__Task statement__
Find the line below with "Spetter naar hartenlust!" and the line with "Our cats range". Output exactly those lines and everything between them, leaving out the pictures.

__Supplied material__
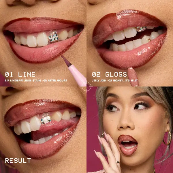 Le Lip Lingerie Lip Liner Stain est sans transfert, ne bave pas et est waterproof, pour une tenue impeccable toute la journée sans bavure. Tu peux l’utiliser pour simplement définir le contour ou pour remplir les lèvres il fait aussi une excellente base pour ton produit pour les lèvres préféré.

* * *

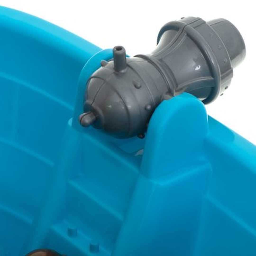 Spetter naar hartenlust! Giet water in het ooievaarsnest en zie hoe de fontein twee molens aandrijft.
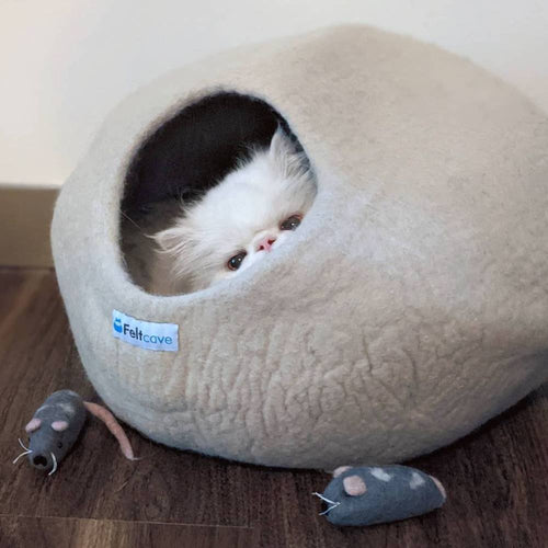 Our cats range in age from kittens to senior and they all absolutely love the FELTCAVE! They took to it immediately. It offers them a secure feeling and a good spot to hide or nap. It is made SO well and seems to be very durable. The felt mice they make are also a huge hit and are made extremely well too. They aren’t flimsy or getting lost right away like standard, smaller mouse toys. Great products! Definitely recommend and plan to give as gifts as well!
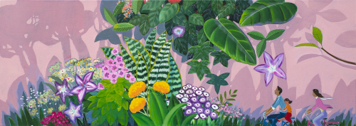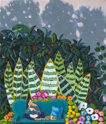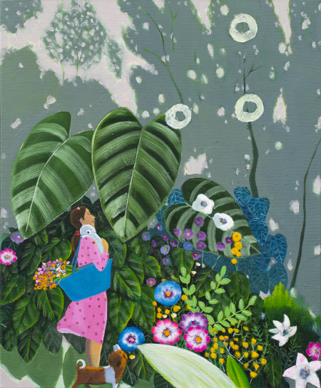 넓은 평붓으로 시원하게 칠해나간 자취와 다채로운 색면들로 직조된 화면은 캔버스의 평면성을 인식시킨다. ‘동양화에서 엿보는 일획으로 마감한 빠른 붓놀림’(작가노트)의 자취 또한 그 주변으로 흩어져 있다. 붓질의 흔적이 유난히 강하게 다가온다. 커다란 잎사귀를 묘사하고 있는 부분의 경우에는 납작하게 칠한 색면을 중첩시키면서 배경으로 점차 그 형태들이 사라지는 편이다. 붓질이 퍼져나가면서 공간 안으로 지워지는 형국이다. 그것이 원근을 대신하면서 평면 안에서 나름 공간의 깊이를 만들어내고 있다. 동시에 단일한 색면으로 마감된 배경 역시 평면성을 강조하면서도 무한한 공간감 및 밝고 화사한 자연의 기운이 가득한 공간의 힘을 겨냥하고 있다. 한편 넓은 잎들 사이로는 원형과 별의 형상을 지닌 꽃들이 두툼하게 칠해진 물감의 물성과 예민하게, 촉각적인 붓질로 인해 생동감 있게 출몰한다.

__Result__
 Spetter naar hartenlust! Giet water in het ooievaarsnest en zie hoe de fontein twee molens aandrijft.
 Our cats range in age from kittens to senior and they all absolutely love the FELTCAVE! They took to it immediately. It offers them a secure feeling and a good spot to hide or nap. It is made SO well and seems to be very durable. The felt mice they make are also a huge hit and are made extremely well too. They aren’t flimsy or getting lost right away like standard, smaller mouse toys. Great products! Definitely recommend and plan to give as gifts as well!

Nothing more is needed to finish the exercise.